EXERCISE
An exact transcription of all the data is required; the pictures are to be left out.

DATA SEGMENT
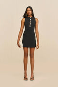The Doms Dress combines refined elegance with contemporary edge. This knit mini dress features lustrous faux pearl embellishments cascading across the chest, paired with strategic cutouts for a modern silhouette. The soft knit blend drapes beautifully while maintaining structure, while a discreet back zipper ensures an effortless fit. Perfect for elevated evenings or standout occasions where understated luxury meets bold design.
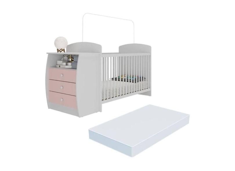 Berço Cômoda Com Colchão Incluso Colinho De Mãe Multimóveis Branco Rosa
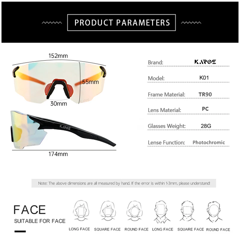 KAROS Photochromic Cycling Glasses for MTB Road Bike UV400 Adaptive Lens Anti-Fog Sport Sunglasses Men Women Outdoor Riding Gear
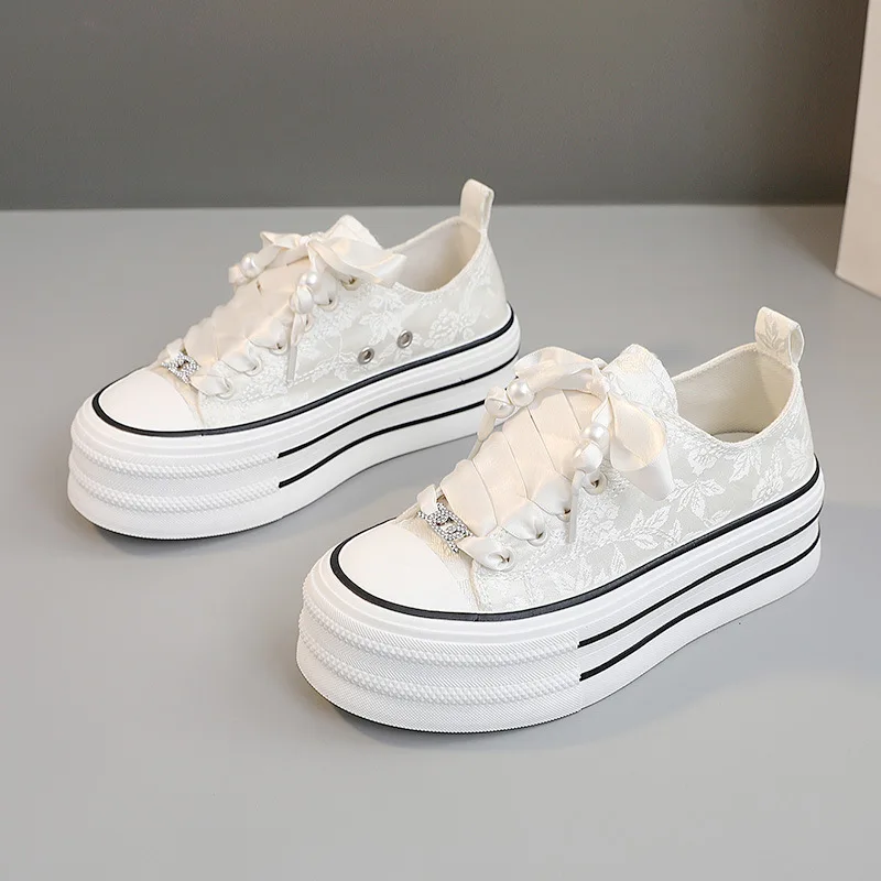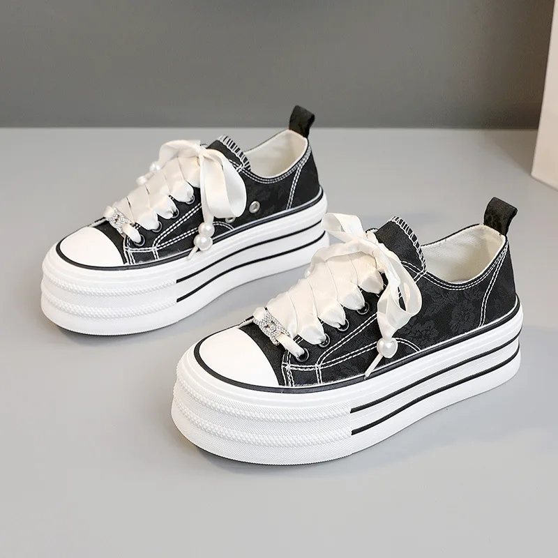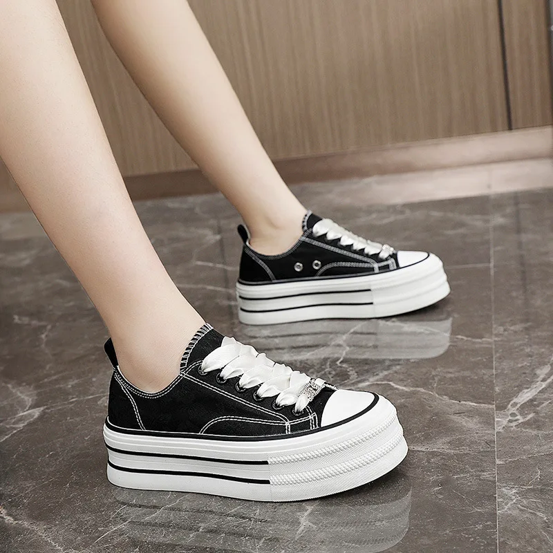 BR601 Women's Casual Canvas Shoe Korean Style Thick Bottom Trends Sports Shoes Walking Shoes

ANSWER SPACE
The Doms Dress combines refined elegance with contemporary edge. This knit mini dress features lustrous faux pearl embellishments cascading across the chest, paired with strategic cutouts for a modern silhouette. The soft knit blend drapes beautifully while maintaining structure, while a discreet back zipper ensures an effortless fit. Perfect for elevated evenings or standout occasions where understated luxury meets bold design.
 Berço Cômoda Com Colchão Incluso Colinho De Mãe Multimóveis Branco Rosa
 KAROS Photochromic Cycling Glasses for MTB Road Bike UV400 Adaptive Lens Anti-Fog Sport Sunglasses Men Women Outdoor Riding Gear
 BR601 Women's Casual Canvas Shoe Korean Style Thick Bottom Trends Sports Shoes Walking Shoes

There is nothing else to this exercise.